If an IR system has been built and is being used by a large number of users, the system's builders can evaluate possible changes by deploying variant versions of the system and recording measures that are indicative of user satisfaction with one variant vs. others as they are being used. This method is frequently used by web search engines.
The most common version of this is A/B testing , a term borrowed from the advertising industry. For such a test, precisely one thing is changed between the current system and a proposed system, and a small proportion of traffic (say, 1-10% of users) is randomly directed to the variant system, while most users use the current system. For example, if we wish to investigate a change to the ranking algorithm, we redirect a random sample of users to a variant system and evaluate measures such as the frequency with which people click on the top result, or any result on the first page. (This particular analysis method is referred to as clickthrough log analysis or clickstream mining . It is further discussed as a method of implicit feedback in Section 9.1.7 (page ).)
The basis of A/B testing is running a bunch of single variable tests (either in sequence or in parallel): for each test only one parameter is varied from the control (the current live system).
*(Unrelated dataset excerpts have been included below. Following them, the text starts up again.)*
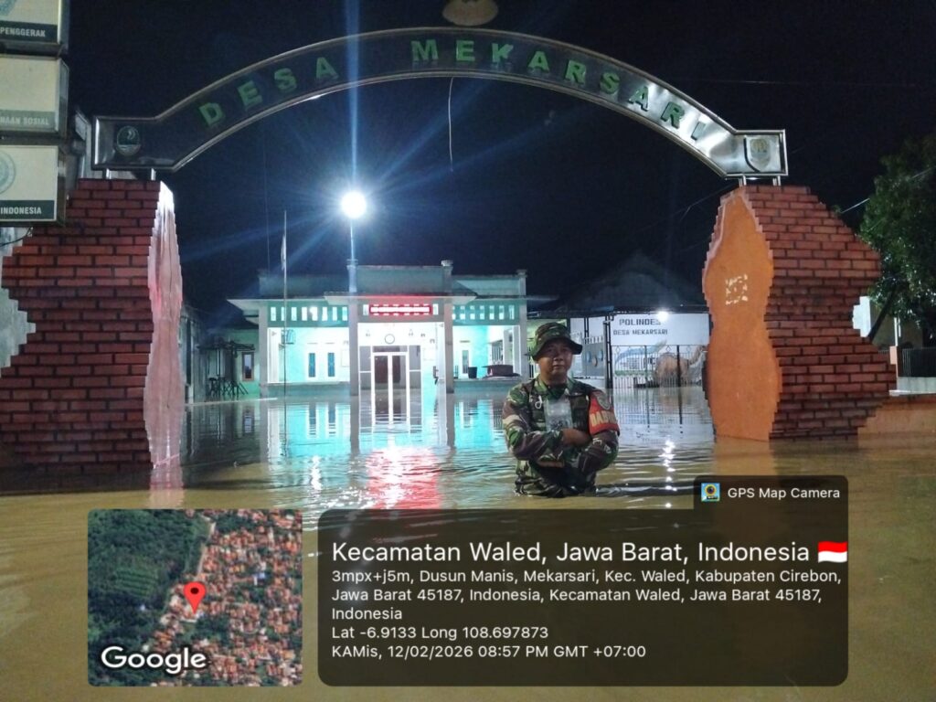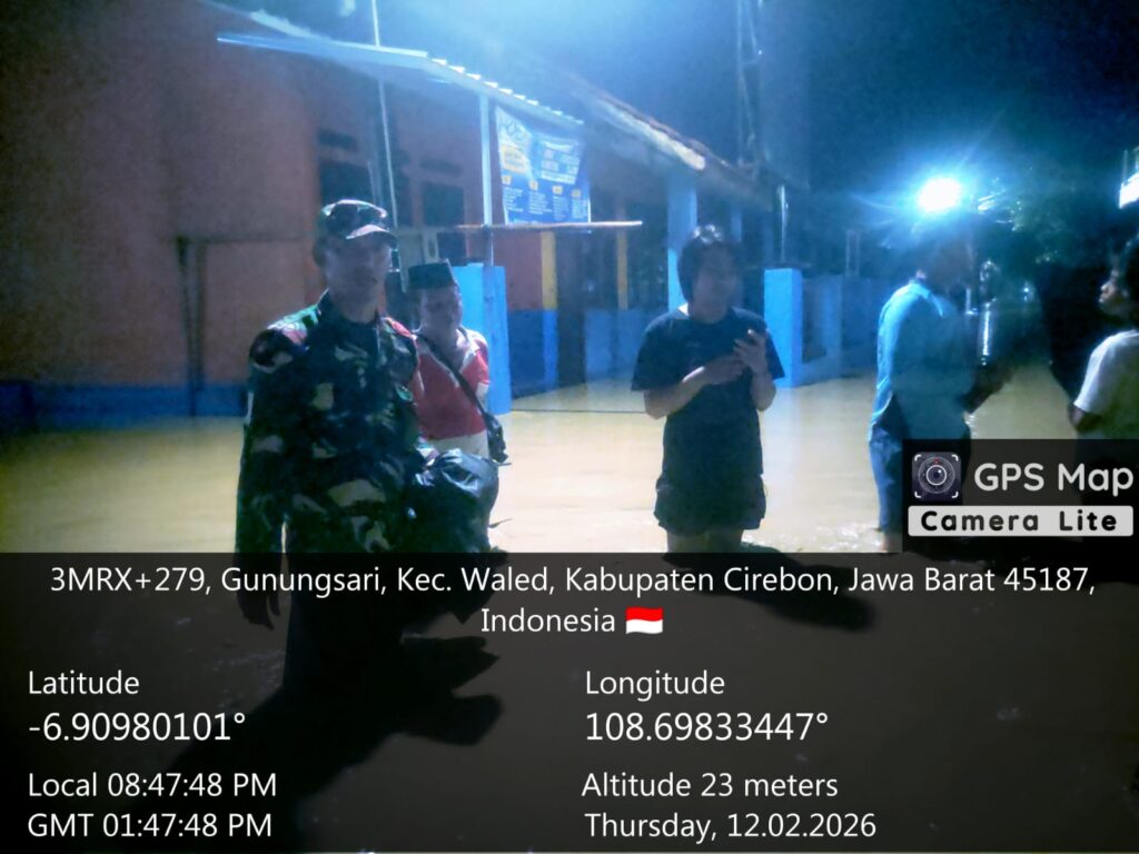 Cirebon, 12 Februari 2026 — Hujan deras yang mengguyur wilayah Kabupaten Cirebon pada Kamis (12/2/2026) sejak sore hari mengakibatkan meluapnya Sungai Ciberes dan menyebabkan banjir di wilayah Koramil 0620-08/Waled. Hingga pukul 19.30 WIB sampai dengan saat ini, debit air masih mengalami kenaikan.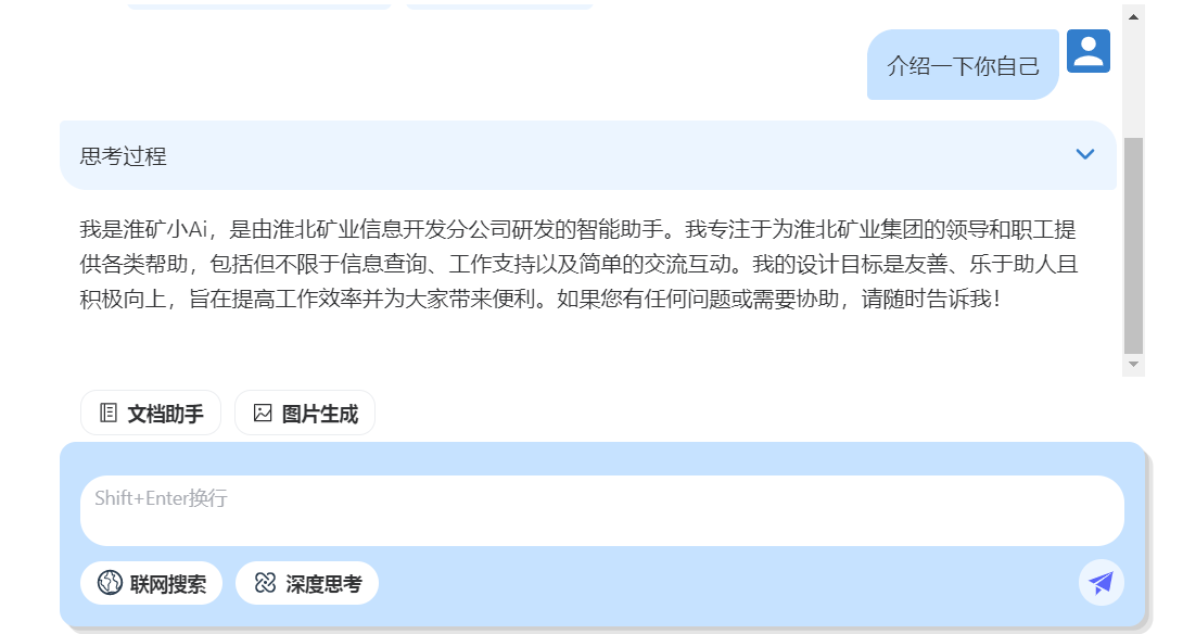 下一步,将不断拓展“淮矿小AI”的应用场景,开发司库数据与信息查询等功能,让智能化助手更智慧!
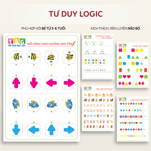 Bộ học liệu rèn não bộ – phát triển tư duy logic được thiết kế chuyên biệt cho trẻ từ 3 đến 6 tuổi, giúp bé hình thành và phát triển các kỹ năng tư duy nền tảng như suy luận logic, giải quyết vấn đề, phân loại, ghi nhớ và tư duy phản biện. Đây là một trong những học liệu “đáng đầu tư” trong giai đoạn phát triển trí não vàng của trẻ.

It is therefore easy to see whether varying each parameter has a positive or negative effect. Such testing of a live system can easily and cheaply gauge the effect of a change on users, and, with a large enough user base, it is practical to measure even very small positive and negative effects. In principle, more analytic power can be achieved by varying multiple things at once in an uncorrelated (random) way, and doing standard multivariate statistical analysis, such as multiple linear regression.
In practice, though, A/B testing is widely used, because A/B tests are easy to deploy, easy to understand, and easy to explain to management.